The timing category comprises requirements to the availability of the services, such as the guarantee of repair services for washing machines. The requirements at the transfer times (areal distance to the service location), processing times (necessary activities to the provision of the service), transaction times (time period to the actual service provision), and response times (time period to the service provision) deliver descriptions of the relevant time aspects to the client that are related to the service. If the service requires any material components that have to be delivered, the requirements at the delivery times are determined.
The requirements to quality management are assigned to the fourth category, the reliability. They define the conditions for the services so that the customer is satisfied and perceives an added value [10, 34].

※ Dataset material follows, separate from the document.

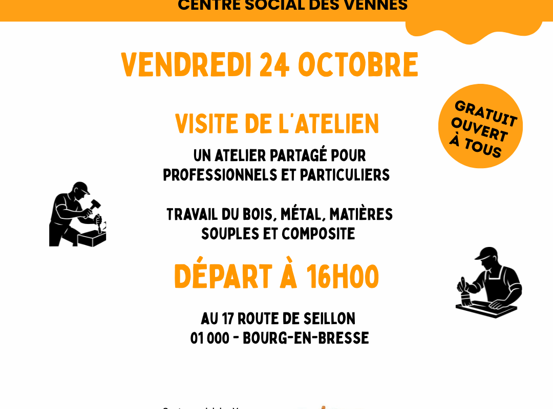 Une visite de l’atelien (atelier partagé pour professionnel avec le travail du bois, du métal….) est organisé, ce vendredi 24 octobre avec un rendez-vous à 16h à L’Atelien

6.3.5 Resource-oriented requirements
For offering a service, several potentials such as human resources or machines are needed . The requirements of the artifact resource-oriented requirements summarize important resources that are illustrated in the form of a taxonomy in Fig. 6.
The category human resources contains requirements defining the characteristics of the human capital that is needed for the fulfillment of the services.
The facilities, in contrast, imply the requirements to the locations, areas, buildings, and establishments where the services are offered.
The category equipment involves the requirements to the technical equipment in order to provide the resources necessary for the service performance .
Closely linked to the last category is the material, which is related to the services, and comprises the requirements to raw material, auxiliary material, and operating material.
The information on the design of the communication between all parties involved, on the data exchange documented in, for example, reports, as well as on the applied technologies and methods, is also considered in service development .
The capital is a further category which describes the requirements to available capital and costs associated with the services .
Legal requirements have their origin in laws, licenses, patents, or certifications .
The requirements of the different categories have strong connections, and it must always be checked during requirements elicitation if the requirements of these categories restrict or influence each other. In doing so, it might happen that additional details of one requirement are essential for other requirements and must therefore be derived.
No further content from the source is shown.